One hundred and forty-two years after the Congress of Berlin, the same nightmarish scenario is playing out again: Turkish forces are killing Armenians. And like the Europeans of times past, we just don’t seem to get it. How many Armenians have to die before we understand that life and culture are precious and must be defended?
On September 26, in a curious repetition of historical precedents, Turkish forces—and their Azeri allies—launched a full-scale attack on Artsakh and Armenia. The attack was not unexpected. Azerbaijan shelled Armenia in the middle of July of this year. Azeri and Turkish forces held joint military exercises at the end of July and beginning of August in Nakhichevan, after which Turkey generously decided to leave some of its military and equipment in the hands of their Azeri “brothers.” As I write this, that equipment and military—along with the thousands of mercenaries whom Turkey recruited in Syria, paid for, and sent to Azerbaijan—is engaged in an attack on the whole “line of contact” between Azerbaijan and Artsakh.

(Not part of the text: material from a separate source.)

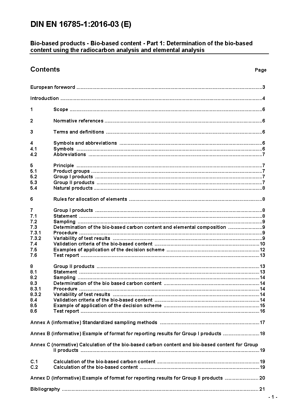 Bio-based products - Bio-based content - Part 1: Determination of the bio-based content using the radiocarbon analysis and elemental analysis; German version EN 16785-1:2015

The events are unquestionably a repetition of historical precedents. When the Ottoman Turks decided that Armenians were personae non gratae in the entire world—that their existence was simply intolerable—they visited massacre upon massacre upon them—the 1878 massacres, the Hamidian massacres (1894-1896), the Adana massacres (1909), to mention a few of them—until they launched a full-scale genocide against them in 1915.
While the Turks were doing what they apparently do best, the governments of the European Powers—France, England, Russia, and Germany—did everything to advance their own interests in the Middle East, and nothing to stop what was clearly a growing threat against the world’s first Christian Nation: Armenia. To be sure, men like Gladstone and Clemenceau denounced the massacres. They issued threatening letters. They took the moral high ground. The problem was that their moral high ground flew so high that it did not touch the world. Their words sailed straight over the heads of the killers, who kept on killing because they realized what any elementary school student does: “sticks and stones may break my bones, but words will never touch me.”
The Armenians understood this too. At the Congress of Berlin in 1878, Khrimian Hayrig, who was to become the leader of the Armenian Church, the Catholicos of all Armenians, pointedly asked European leaders, who like him were Christian: “There, where guns talk and swords make noise, what significance do appeals and petitions have?” His words fell on deaf ears. And his people paid the price, time after time, until there were none left in the lands that they had made bountiful for thousands of years.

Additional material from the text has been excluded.